COVID-19 scenario modelling for the mitigation of capacity-dependent deaths in intensive care

Health Care Manag Sci. 2020 Sep;23(3):315-324. doi: 10.1007/s10729-020-09511-7. Epub 2020 Jul 8.

Abstract

Managing healthcare demand and capacity is especially difficult in the context of the COVID-19 pandemic, where limited intensive care resources can be overwhelmed by a large number of cases requiring admission in a short space of time. If patients are unable to access this specialist resource, then death is a likely outcome. In appreciating these 'capacity-dependent' deaths, this paper reports on the clinically-led development of a stochastic discrete event simulation model designed to capture the key dynamics of the intensive care admissions process for COVID-19 patients. With application to a large public hospital in England during an early stage of the pandemic, the purpose of this study was to estimate the extent to which such capacity-dependent deaths can be mitigated through demand-side initiatives involving non-pharmaceutical interventions and supply-side measures to increase surge capacity.
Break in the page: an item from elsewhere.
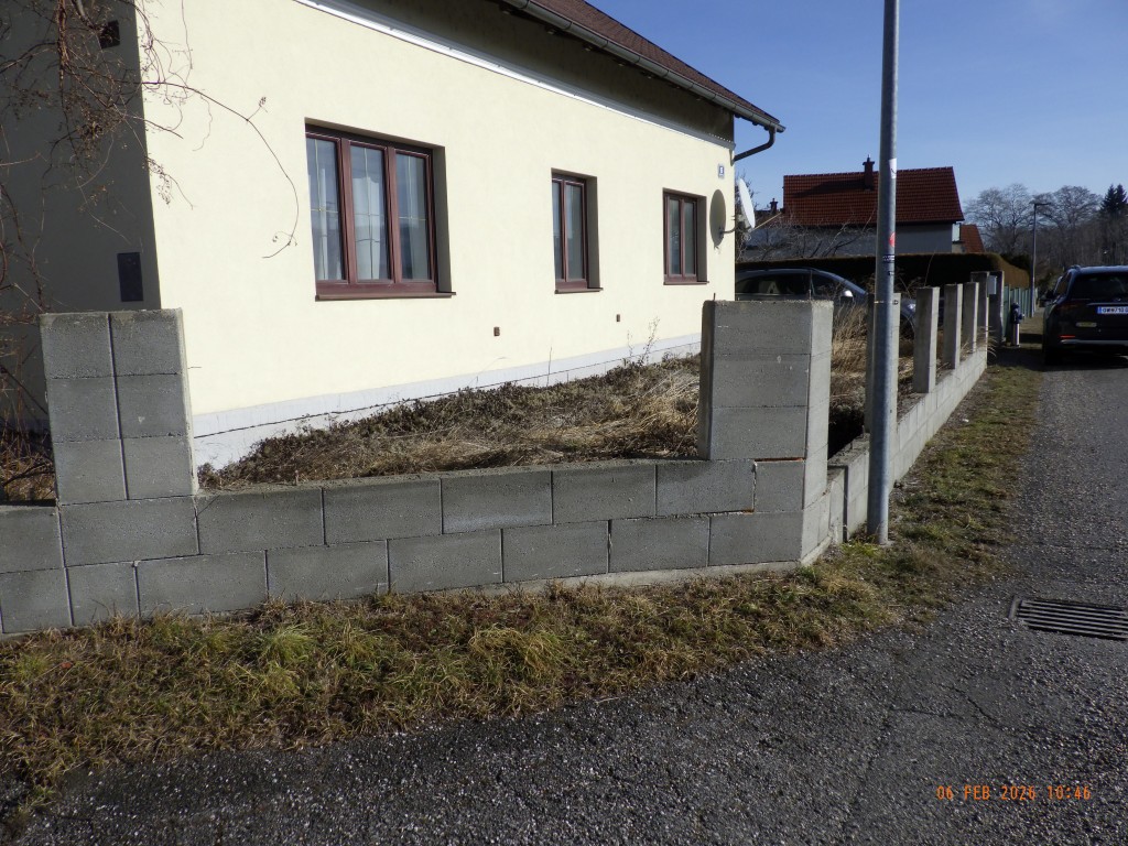 | Beschreibung: | LAGE: Dieses Grundstück mit dem darauf befindlichen Wohnhaus liegt am Stadtrand von Gloggnitz, über die Arensteingasse erreichbar, welche parallel zur ÖBB-Bahnlinie verläuft. Die Lage des Grundstücks ist eben, nachdem es sich um eine Eckparzelle handelt, ist eine trompetenförmige Ausnehmung an der Ecke Arensteingasse zur Untere Zeilfeldstraße gegeben. Aufgrund der vorbeiführenden ÖBB-Bahnlinie ist erhöhter Lärmpegel gegeben und handelt es sich um keine ideale Wohnlage. Die umliegenden Grundstücke sind, soweit bekannt, recherchiert und ersichtlich mit Wohn- und Nebengebäuden bebaut. INFRASTRUKTUR: Sämtliche infrastrukturellen Gegebenheiten, wie öffentliche Haltestellen (Bahn und Bus), Gaststätten, Einkaufsmöglichkeiten für den täglichen Gebrauch, Kinderbetreuungseinrichtung, Schulen, Banken, etc. sind in Gloggnitz vorhanden. GEBÄUDEBESCHREIBUNG: Soweit dem beigeschafften Bauakt zu entnehmen, wurde dieses Wohnhaus 1905 errichtet. Pläne aus dieser Zeit liegen mir nicht vor. Vorliegend sind mir Grundrisse des Bestands (nicht zur Gänze der Natur entsprechend) aus dem Jahr 2018. Soweit durch Augenschein feststellbar, wurde das Gebäude restauriert und Instand gesetzt und hat rechteckige Grundrissform. Vorhanden ist ein Erdgeschoß, ein teilweise ausgebauter Dachboden sowie ein kleiner Kellerbereich. Im Erdgeschoß sind folgende Räumlichkeiten vorhanden: Wohn- und Esszimmer, Küche, Vorraum, WC, Zwischenflur, Wirtschaftsraums, Badezimmer / WC sowie Eingang mit Stiege zum Dachgeschoß. Im teilweise ausgebauten Dachboden befinden sich Zimmer 1, Flur, Vorraum bei der Stiege sowie Zimmer 2. Im Keller befindet sich ein Kellerraum. Im rückwärtigen Bereich des Gebäudes befinden sich zwei schliefbare Keller. Die Aufschließung und Erreichung ist zweiseitig gegeben über die Arensteingasse und die die Untere Zeilfeldstraße. Eingänge am Haus bestehen sowohl von der Rück- / Gartenseite, als auch von der Straßenseite aus. Die schliefbaren Keller sind ausschließlich über Türluken vom Garten aus erreichbar. Die Geschoße untereinander, Keller- bis Dachgeschoß, sind über eine Stiege im Haus verbunden. AUSSENANLAGEN, EINFRIEDUNGEN UND VORDÄCHER: Straßenseitig besteht eine Einfriedung aus Sockel- und Pfeilermauerwerk in Schalsteinen, zur Gänze unverputzt ohne Tür und ohne Tore sowie ohne Zaun. Ersichtlich ist straßenseitig der Gaszähler sowie der Stromverteiler und der Hydrant im Nahbereich der Grundgrenze. Zugang und Zufahrt zum Haus von der Arensteingasse sind mit Verbundsteinplatten belegt und mit Gras durchwachsen, an der rechten Seite besteht eine Einfriedung aus einem Betonsockel mit einem Maschenzaun. Gleichfalls eine Einfriedung aus Sockel- und Pfeilermauerwerk in Schalsteinen besteht zur Untere Zeilfeldstraße und ist auch hier kein Tor und keine Tür vorhanden. Auch an der rückwärtigen Grundgrenze in diesem Bereich ist ein Maschenzaun hergestellt. Zugänge zum Haus bestehen von der Straßen- und von der Gartenseite aus. Soweit ersichtlich, besteht der Haupteingang von der Arensteingasse (rechte Seite). In diesem Bereich ist eine Holzkonstruktion mit einer Holzstiege vorhanden. Dieser Bereich ist überdacht und mit Trapezblech gedeckt. An der Rückseite besteht ein kleiner Vorbau mit einem Pultdach und Blecheindeckung. Es sind zwei Zugänge vorhanden, wobei ein Zugang zu einer Kunststeinstiege besteht. Dieser ist überdacht, auf eine Sichtmauerwerkssäule gestützt und als Windschutz eine Metallkonstruktion mit Drahtverglasung vorhanden. Beim zweiten Zugang handelt es sich um eine Vorlegstufe, welche verfliest und nicht überdacht ist. Die nicht bebauten und befestigten Flächen stellen Grünzonen dar, welche verwildert sind. |

Based on information available at the time, results suggest that total capacity-dependent deaths can be reduced by 75% through a combination of increasing capacity from 45 to 100 beds, reducing length of stay by 25%, and flattening the peak demand to 26 admissions per day. Accounting for the additional 'capacity-independent' deaths, which occur even when appropriate care is available within the intensive care setting, yields an aggregate reduction in total deaths of 30%. The modelling tool, which is freely available and open source, has since been used to support COVID-19 response planning at a number of healthcare systems within the UK National Health Service.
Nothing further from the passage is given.